特に最後に挨拶をした学生服姿の女子——アオハの視線は苦手そのものであった。
「ギルスさん! あたし、この前助けていただいて本当に感謝してます! もう死んじゃうかと思いました」
「無事で良かった。これからは気をつけなよ」
「はい! ところでギルスさんは、もう配信はしてるんですか」
「配信?」
「ダンジョン配信です。もしかして、まだやってないんですか。絶対バズりますよ」
ユリカが苦笑して間に入るまで、握手すら解こうとしない。
人一倍熱のこもった視線で見つめられるのは、異世界でも時折あった。
彼はそういう視線より、殺気に満ちた視線のほうが落ち着く質である。
(表彰とやらが終わったら、早く帰ろう)
すっかりアパート生活が気に入った彼は、半分引きこもりのようになっている。そういう生活が新鮮だった。
なるべく一人になりたかったのだが、この日はそうはいかない。
表彰式は撮影があり、予想していたよりも長く続いた。
ダンジョン庁の幹部と思われる人たちの話も長く、かつての学校生活をふと思い出すほどであった。
(そうだ。俺はたしか……高校までは進学していたはずだ。大学はどうだったろう)
うっすらとだが、学生の記憶が脳裏に浮かぶ。しかし、学校の名前までは思い出せず、何か悶々とした気分を抱えた。
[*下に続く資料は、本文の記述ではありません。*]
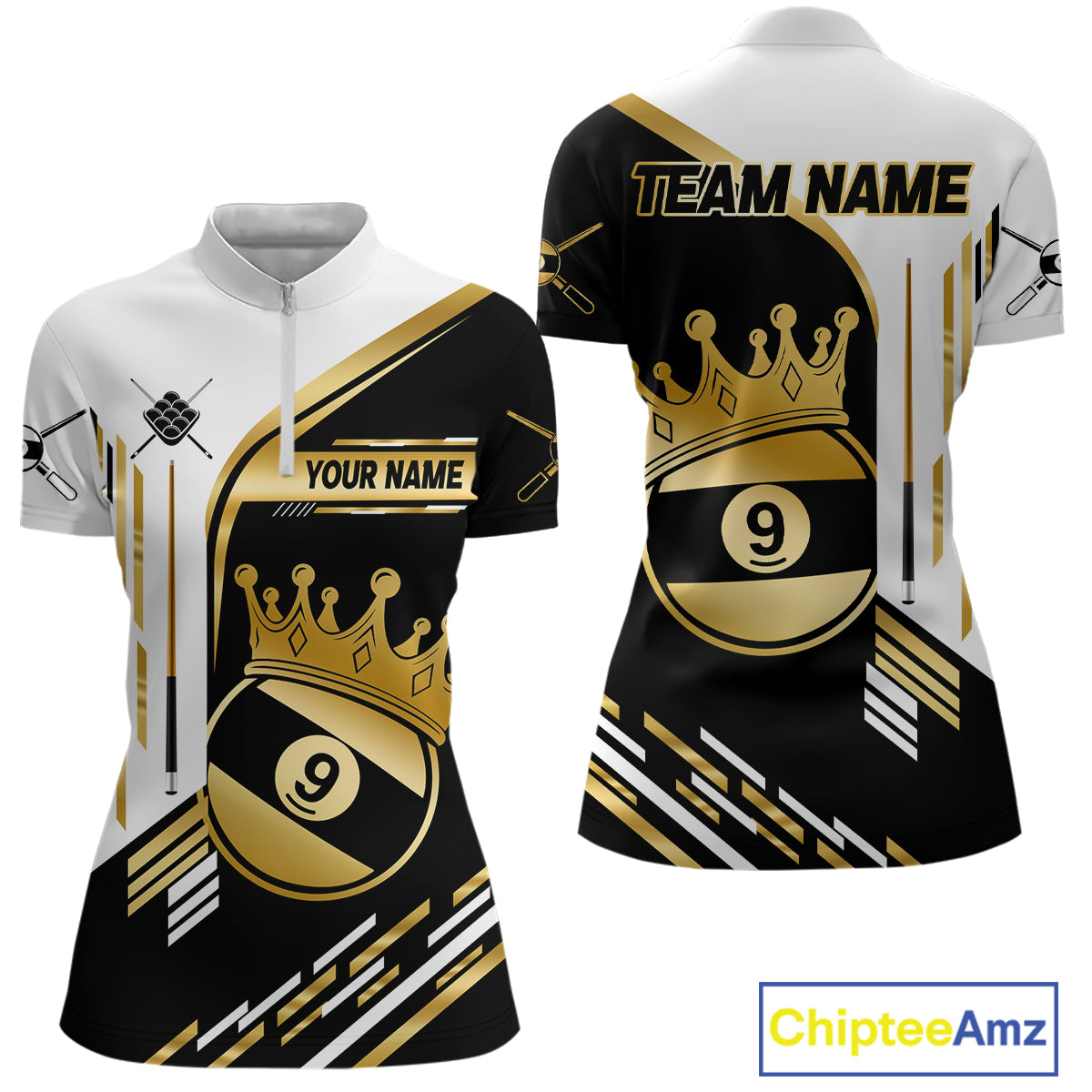 Personalized Golden 9 Ball Pool Crown Billiard Shirt For Women Custom Billiard Team Jerseys Uniform TDM4183

表彰式は終わり、ようやく一同は揃って解散……になるはずだったのだが。
「あのっ。ギルスさんは、この後ご予定とかあるんですか?」
お別れとなった後も、アオハはその場所から去らなかった。しかも、ダンジョンコレクターズの面々も残っている。
「特にない」
「じゃ、じゃあちょっとだけ! お話とかどうでしょうか。あたし、ギルスさんにとっても興味があるんです」
ここで、彼があまり長居したくないことを察したユリカが、間に入ろうとした。
「あ、すみません。今日は色々と大変だったのでー」
しかし、予想外なことに、ここでダンジョンコレクターズも入ってくる。
「俺たちも、実はギルスさんと話がしてみたいんだ」
「この後ギルド行くんだけど、一緒にどう?」
「どうやったらそんなに強くなれるのか知りたいんです」
「ダベりませんか」
「ちょ、ちょっとー」
この勢いはユリカでは止められない。
ギルスも帰りたかったが、多少興味も湧いたので、少しならいいかとついて行くことにした。